What Port Range Is This?
Port 10433 sits in the registered port range (1024–49151), which IANA set aside for applications to claim through formal registration. Unlike the well-known ports (0–1023), which are reserved for standardized protocols, registered ports are supposed to have an owner—a protocol, service, or application with documented credentials.
Port 10433 has no such owner.
What Runs Here?
There is no official service assigned to this port. The IANA port registry does not list it. Most of the Internet passes right by.
The only trace of consistent use is VMware vCenter, which references port 10433 in its Inventory Service documentation. When vCenter deployments fail to connect, administrators see error messages pointing to this port. But it never received formal registration—it remains a private arrangement between vCenter and the machines it manages.
This is not unusual. Thousands of ports in the registered range are similarly abandoned or undocumented. They're not controversial. They're just quiet.
How to Check What's Listening
If something is listening on port 10433 on your machine, you can find it:
On Linux or macOS:
On Windows:
These commands will show you the process ID and name of whatever is using the port. Compare the process name against your running applications. If nothing appears, the port is silent—which is the normal state for most unassigned ports.
Why Unassigned Ports Matter
The registered port range exists because the well-known range saturated decades ago. When a new protocol needed a port number, it had to claim one from 1024–49151. The system worked: HTTP got 80, SSH got 22, DNS got 53. These became standardized, documented, and understood worldwide.
But not every application needs global recognition. VMware didn't need to standardize port 10433. It just needed a number where its components could talk safely, without colliding with other services. So it claimed one from the commons and got to work.
Port 10433 is the result: a door that opens onto infrastructure instead of protocol. It carries no RFC, no specification, no tradition. It simply exists in the quiet infrastructure of one company's virtualization platform.

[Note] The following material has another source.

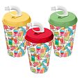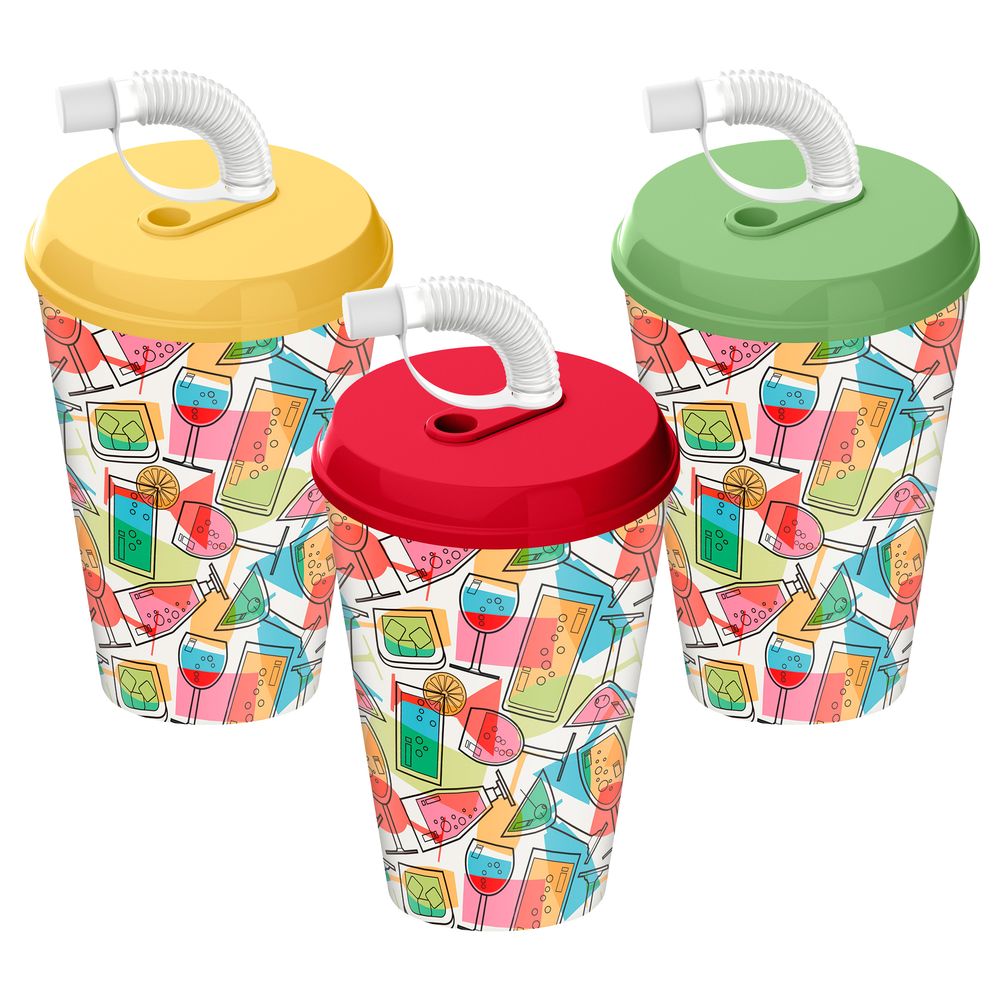 Стакан с крышкой 420мл с декором Вкус праздника с трубочкой c колпачком Микс (упаковка 12 шт.)

Thousands of ports like this are scattered across the registered range—carrying internal traffic, proprietary communications, and local coordination that never needed to become a standard. They're honest ports. They know what they are and don't pretend otherwise.
If You Find It Active
If port 10433 is open on your system, it's almost certainly part of a VMware deployment. Check your vCenter configuration and firewall rules. If vCenter isn't running, the port should be closed. If it is running and the port shows traffic, that's normal—infrastructure talking to itself.